Model 3 - Extended

Model 3 (two_timescale_extended.py) adds three social mechanisms on top of Q-learning: reputation, partner choice (interaction refusal), and forgiveness after betrayal.

Key findings

Cooperation rate is lower than in Model 2 (0.38 vs 0.56) — not a failure, but a shift to conditional cooperation with active monitoring.
The rejection threshold evolves to be lenient (−0.69), meaning agents rarely exclude partners. But when they do, excluded agents lose further reputation, which compounds.
Forgiveness evolves high (0.76 in repeated play) — agents that recover quickly from betrayals maintain more cooperative relationships over time.
Reputation weight evolves modest (0.38) — public reputation is used as a weak prior for strangers; personal Q-history takes over once direct experience exists.
Initial Q-bias goes negative (−0.52) in repeated play — agents are calibrated suspicious of strangers, relying on reputation to shift that prior upward for well-reputed partners.

Learning during a lifetime

Agents still update partner-specific Q-values, but now also:

Reputation: after each interaction both agents update a publicly visible reputation score for their partner. Other agents read this score before meeting a stranger.
Partner choice: before accepting an interaction, an agent checks the partner's reputation against its evolved rejection_threshold. If the partner falls below it, the interaction is refused — the partner earns no payoff and loses further reputation.
Forgiveness: after a betrayal the Q-value for the defecting partner is penalised. Each subsequent round the penalty decays toward zero at a rate set by the evolved forgiveness_rate, allowing the relationship to recover.
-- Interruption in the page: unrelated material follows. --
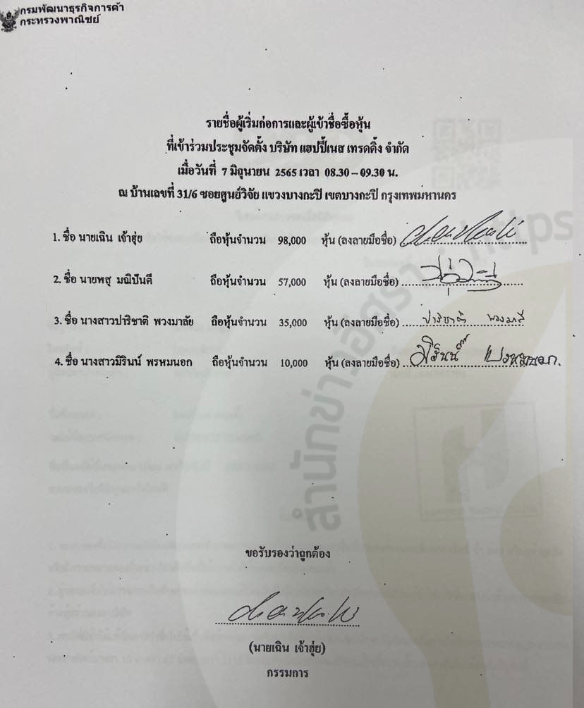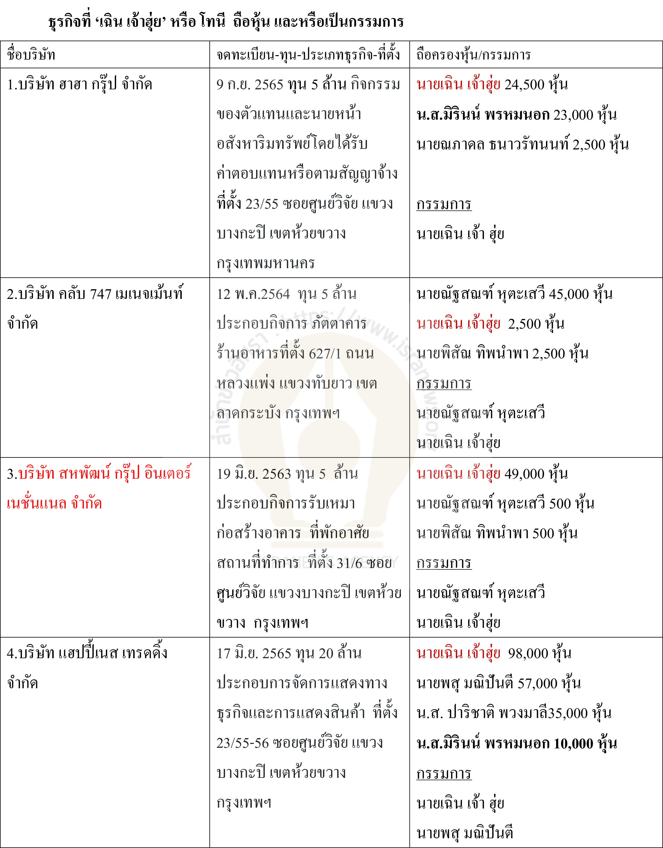 4.บริษัท แฮปปี้เนส เทรดดิ้ง จำกัด จดทะเบียนวันที่ 17 มิ.ย. 2565 ทุน 20 ล้านบาท ประกอบการจัดการแสดงทางธุรกิจและการแสดงสินค้า ที่ตั้งเลขที่ 23/55-56 ซอยศูนย์วิจัย แขวงบางกะปิ เขตห้วยขวาง กรุงเทพฯ นายเฉิน เจ้าฮุ่ย ถือหุ้นใหญ่ 98,000 หุ้น นายพสุ มณิปันตี 57,000 หุ้น น.ส. ปาริชาติ พวงมาลัย 35,000 หุ้น และ น.ส.มิรินน์ พรหมนอก 10,000 หุ้น นายเฉิน เจ้าฮุ่ย และ นายพสุ มณิปันตี เป็นกรรมการ

Evolution between generations

Agents inherit Model 2 parameters plus three social parameters:

rejection_threshold
forgiveness_rate
reputation_weight

Reputation alone has no teeth unless agents can act on it.
Partner choice gives reputation teeth: agents below the rejection threshold receive no benefit and lose further reputation.
Forgiveness prevents partner choice from leading to permanent exclusion. Agents who start cooperating again gradually recover their Q-value relationship with a betrayed partner.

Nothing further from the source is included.